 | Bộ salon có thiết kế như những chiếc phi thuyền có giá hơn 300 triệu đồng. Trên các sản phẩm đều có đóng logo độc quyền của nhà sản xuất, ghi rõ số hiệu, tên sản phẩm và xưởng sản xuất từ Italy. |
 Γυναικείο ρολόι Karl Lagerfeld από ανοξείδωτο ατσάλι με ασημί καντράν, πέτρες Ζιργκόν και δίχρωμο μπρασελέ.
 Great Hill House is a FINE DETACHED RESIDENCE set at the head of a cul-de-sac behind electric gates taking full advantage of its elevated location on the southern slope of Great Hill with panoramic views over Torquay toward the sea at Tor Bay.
* * *
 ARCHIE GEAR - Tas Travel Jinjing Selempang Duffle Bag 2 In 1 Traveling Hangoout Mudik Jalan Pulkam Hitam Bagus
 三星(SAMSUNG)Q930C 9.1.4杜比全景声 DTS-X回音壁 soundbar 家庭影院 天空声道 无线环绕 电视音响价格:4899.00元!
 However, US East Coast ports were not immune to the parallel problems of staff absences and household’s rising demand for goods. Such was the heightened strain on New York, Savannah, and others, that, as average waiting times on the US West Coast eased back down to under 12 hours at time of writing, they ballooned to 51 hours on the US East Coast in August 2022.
---
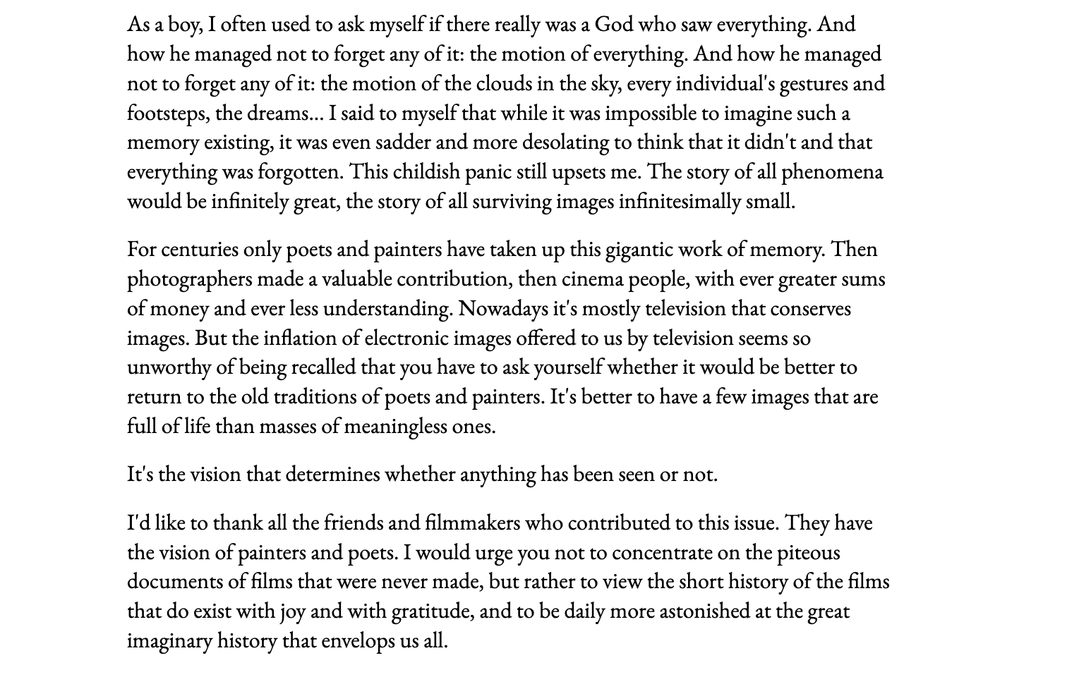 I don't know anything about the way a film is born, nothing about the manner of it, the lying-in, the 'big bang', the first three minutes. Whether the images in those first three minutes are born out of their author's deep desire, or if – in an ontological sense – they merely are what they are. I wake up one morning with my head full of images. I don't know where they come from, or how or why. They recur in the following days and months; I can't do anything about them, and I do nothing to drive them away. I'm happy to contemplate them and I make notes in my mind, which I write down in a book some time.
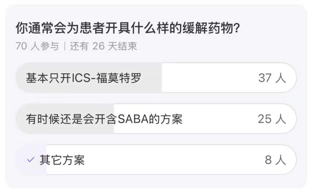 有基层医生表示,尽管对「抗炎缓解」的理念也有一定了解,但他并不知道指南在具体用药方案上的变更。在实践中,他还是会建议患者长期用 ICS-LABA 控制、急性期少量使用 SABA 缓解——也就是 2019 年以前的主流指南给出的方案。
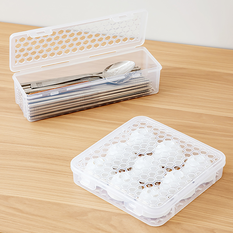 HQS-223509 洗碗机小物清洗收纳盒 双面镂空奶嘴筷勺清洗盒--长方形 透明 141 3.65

▶ _EXERCISE INSTRUCTIONS_: Using the entries above, return exactly the lines from the line with "Γυναικείο ρολόι Karl" to the line with "Great Hill House", counting both of those lines.

▶ _SOLVED PROBLEM_:
 Γυναικείο ρολόι Karl Lagerfeld από ανοξείδωτο ατσάλι με ασημί καντράν, πέτρες Ζιργκόν και δίχρωμο μπρασελέ.
 Great Hill House is a FINE DETACHED RESIDENCE set at the head of a cul-de-sac behind electric gates taking full advantage of its elevated location on the southern slope of Great Hill with panoramic views over Torquay toward the sea at Tor Bay.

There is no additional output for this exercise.